- _Instructions for the task_
Every line from the one with "Cele mai multe" to the end of the listing, and nothing else, is to be printed exactly; please leave the pictures out.

- _Supplied material_
· · · · ·
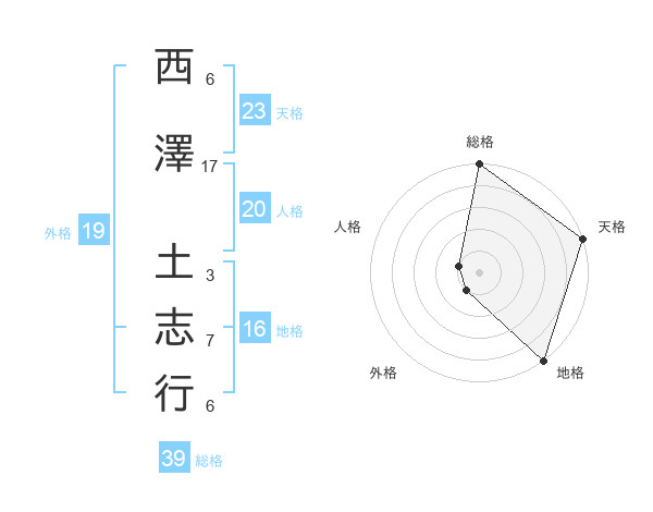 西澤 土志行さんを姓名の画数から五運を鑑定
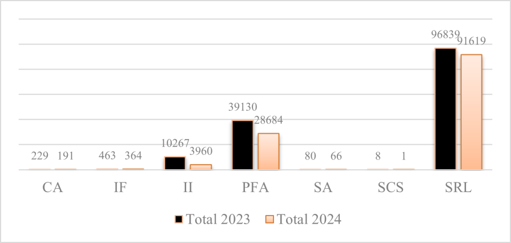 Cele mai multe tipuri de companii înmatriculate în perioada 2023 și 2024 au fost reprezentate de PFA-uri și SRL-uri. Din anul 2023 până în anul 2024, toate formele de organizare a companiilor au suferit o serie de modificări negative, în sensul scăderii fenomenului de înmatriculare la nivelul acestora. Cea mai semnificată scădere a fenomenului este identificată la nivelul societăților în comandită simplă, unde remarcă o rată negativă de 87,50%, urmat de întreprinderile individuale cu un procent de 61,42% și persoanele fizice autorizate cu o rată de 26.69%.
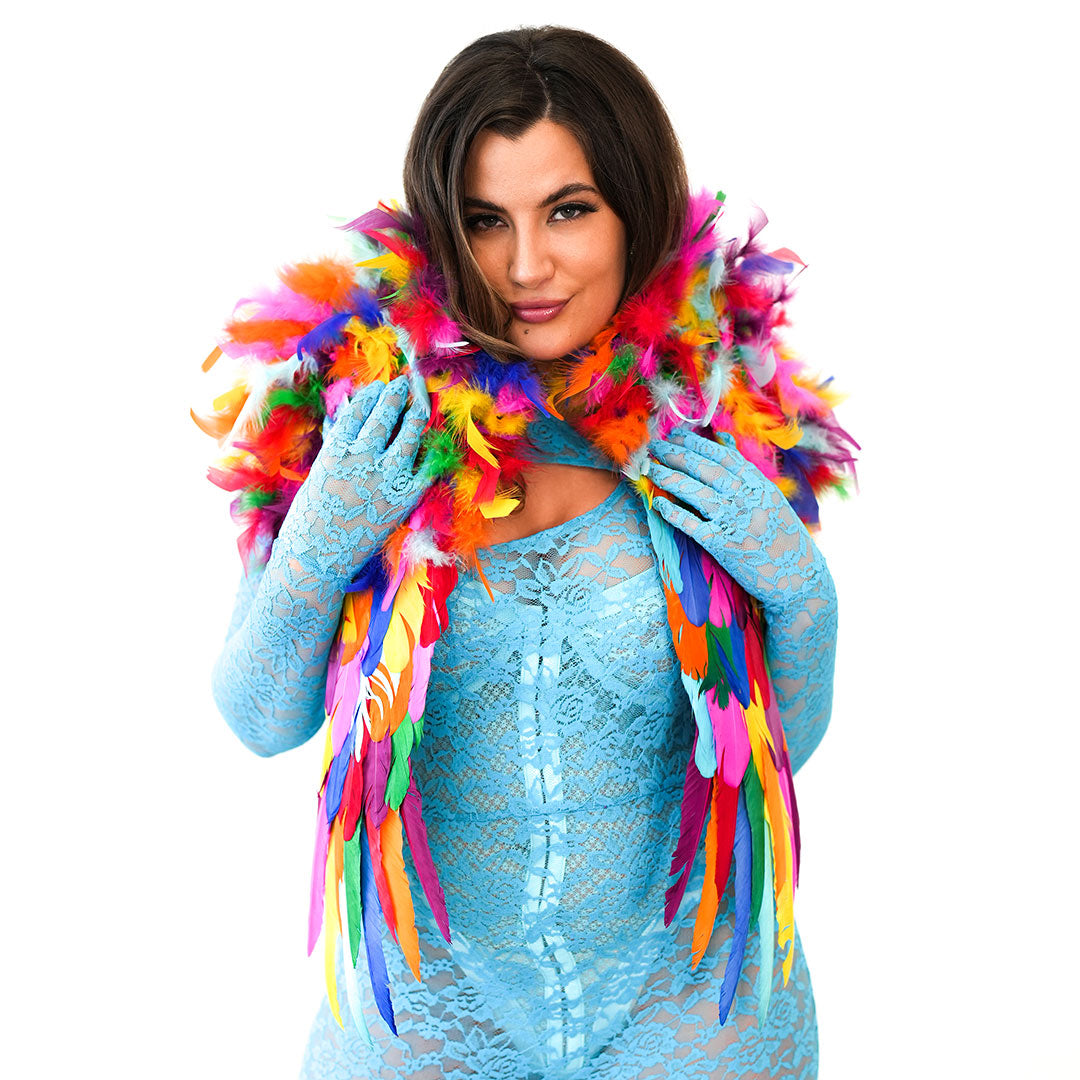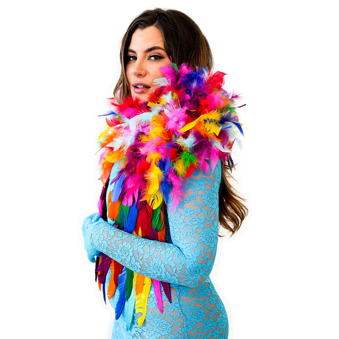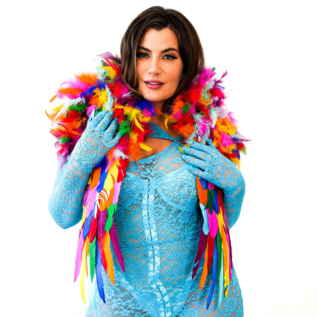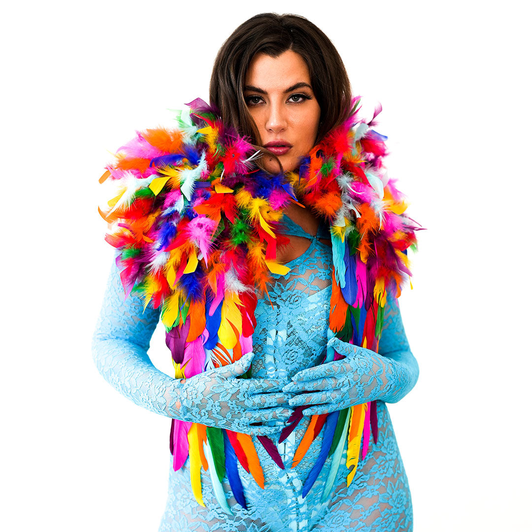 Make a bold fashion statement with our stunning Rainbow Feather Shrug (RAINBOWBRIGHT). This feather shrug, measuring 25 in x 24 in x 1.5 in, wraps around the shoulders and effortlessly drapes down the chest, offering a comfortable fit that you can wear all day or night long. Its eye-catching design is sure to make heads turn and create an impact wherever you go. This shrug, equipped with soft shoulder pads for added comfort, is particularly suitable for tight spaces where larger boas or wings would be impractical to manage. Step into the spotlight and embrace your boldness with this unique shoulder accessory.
· · · · ·
- _Solution to the exercise_
 Cele mai multe tipuri de companii înmatriculate în perioada 2023 și 2024 au fost reprezentate de PFA-uri și SRL-uri. Din anul 2023 până în anul 2024, toate formele de organizare a companiilor au suferit o serie de modificări negative, în sensul scăderii fenomenului de înmatriculare la nivelul acestora. Cea mai semnificată scădere a fenomenului este identificată la nivelul societăților în comandită simplă, unde remarcă o rată negativă de 87,50%, urmat de întreprinderile individuale cu un procent de 61,42% și persoanele fizice autorizate cu o rată de 26.69%.
 Make a bold fashion statement with our stunning Rainbow Feather Shrug (RAINBOWBRIGHT). This feather shrug, measuring 25 in x 24 in x 1.5 in, wraps around the shoulders and effortlessly drapes down the chest, offering a comfortable fit that you can wear all day or night long. Its eye-catching design is sure to make heads turn and create an impact wherever you go. This shrug, equipped with soft shoulder pads for added comfort, is particularly suitable for tight spaces where larger boas or wings would be impractical to manage. Step into the spotlight and embrace your boldness with this unique shoulder accessory.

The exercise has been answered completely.